70% of the cards were blue, and 30% red, and the experimenters had
randomized the sequence. What Tversky and Edwards discovered was that
most subjects, asked to guess the color of each succeeding card, would guess
blue around 70% of the time, and red about 30% - as if the subjects thought
they could predict the sequence, which was in fact randomized. Even when
the subjects were paid a nickel for each correct guess, they still guessed blue
an average of only 76% of the time. A better strategy would have been to
guess blue every time. If you guess blue all the time, you'll get a nickel 70%
of the time, and over a thousand trials you'll earn seven hundred nickels. If
you guess at the same frequency as the cards, then 70% of the time you'll
guess blue and get a nickel 70% of those times, and 30% of the time you'll
guess red and get a nickel 30% of those times, in which case your expected
payoff over a thousand trials is five hundred and eighty nickels.
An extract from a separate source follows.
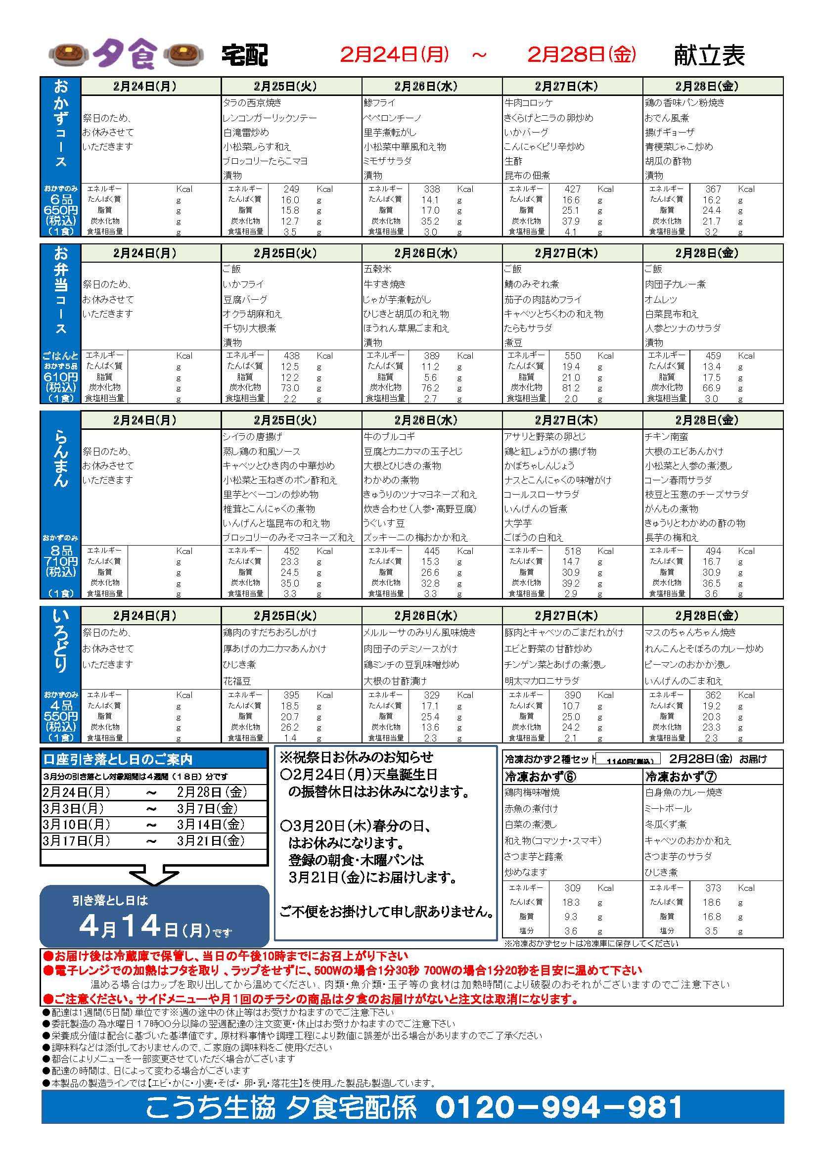 夕食宅配メニュー表(2月24日~2月28日)2025.02.13

Robyn Dawes, commenting on this experiment, said: "Despite feedback
through a thousand trials, subjects cannot bring themselves to believe that
the situation is one in which they cannot predict." I would reply that the
subjects didn't know that the card sequence was randomized; it was rational
for them to keep looking for patterns. That's what science is all about,
looking for order. On the other hand, even if the subjects thought they
noticed a pattern, they didn't need to pay to test their hypotheses. They
could have thought, "If pattern XYZ is true, the next card will be red," and
then went on betting on blue until some hypothesis had actually been
confirmed. I would suggest that subjects simply didn't think of the strategy
of betting on blue every time. It's a counterintuitive betting strategy because
it doesn't resemble a typical sequence of cards. If you had perfect
knowledge of the cards, then your optimal betting strategy would exactly
resemble the cards. But, under conditions of uncertainty, your optimal
betting pattern may look startlingly unlike a typical sequence of cards.

A noisy environment does not imply a noisy strategy for dealing with the
environment. Or to put it another way, a random key does not fit a random
lock just because they are "both random".
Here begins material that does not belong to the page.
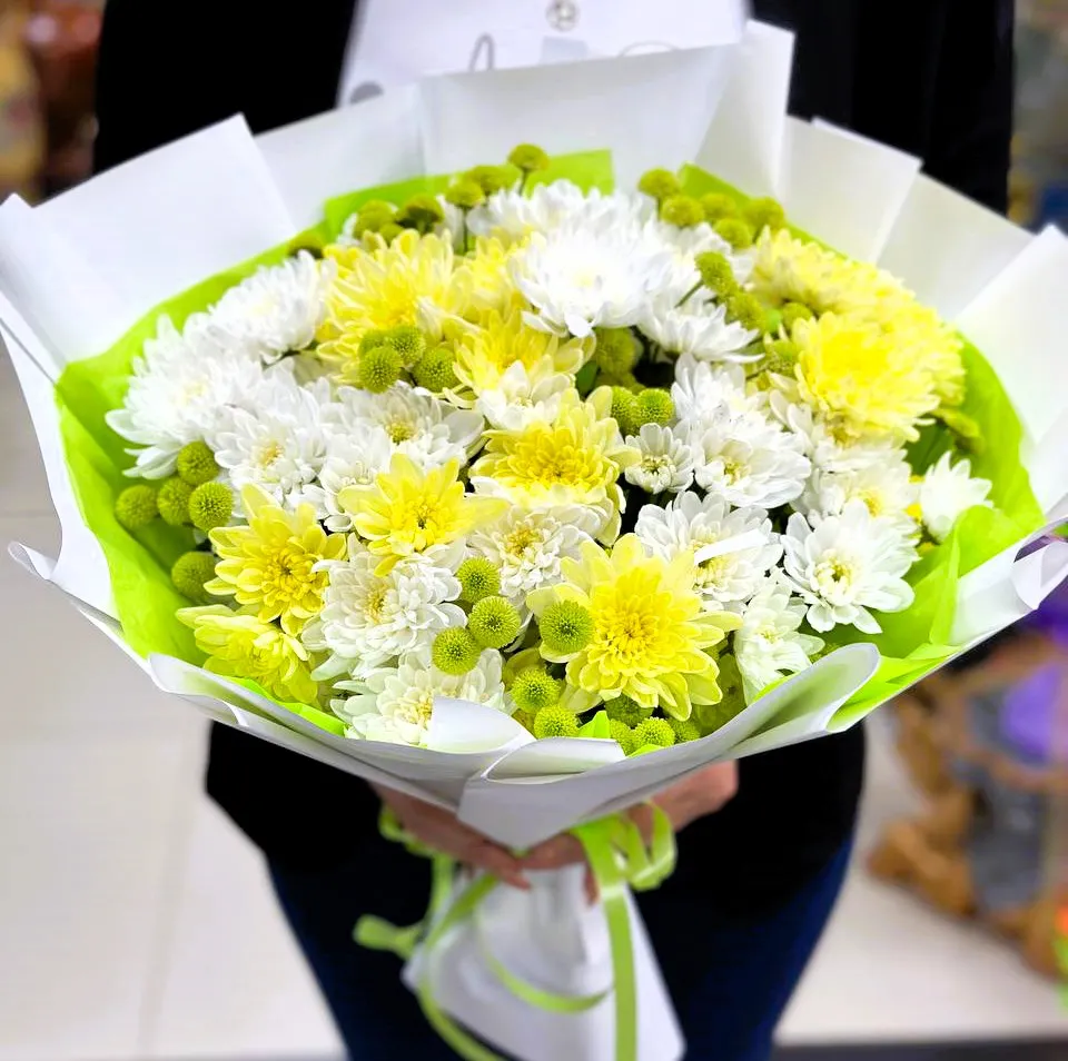 - Делюкс - кустовая хризантема - 15 шт., упаковка, лента

[Vinge/chess.] Vernor Vinge once suggested that we would be unable to
predict the actions of any sufficiently smart Artificial Intelligence, or any
entity smarter than human, on the grounds that if you can predict the exact
action of an entity smarter than you are, you are necessarily at least that
smart yourself because you can just do whatever a superintelligence would
do in your shoes.

Let's try applying this logic to the chess-playing program Deep Blue. You
cannot build Deep Blue by programming in a good chess move for every
possible chess position; first of all, there are too many chess positions, and
second, the resulting program would play no better than you did. If Deep
Blue's programmers had known exactly where Deep Blue would move in
any particular position, they would necessarily have been at least that good
at chess themselves; they could have just moved wherever Deep Blue would
move. Now imagine that the programmers had said to themselves: "We
want an AI that can transcend our own chess-playing abilities. If we knew
what Deep Blue's move would be, it couldn't possibly play any better than
us. So we'll use a random move generator, and then we won't know where
Deep Blue will move. Problem solved!" And yet instead of using a random
move generator, the programmers felt obligated to spend a huge amount of
time and effort crafting a complex program that would output moves that
were predictably so good the programmers couldn't predict them. As
Marcello Herreshoff put it, "We never run any computer program unless we
know something about the output, and we don't know the actual output."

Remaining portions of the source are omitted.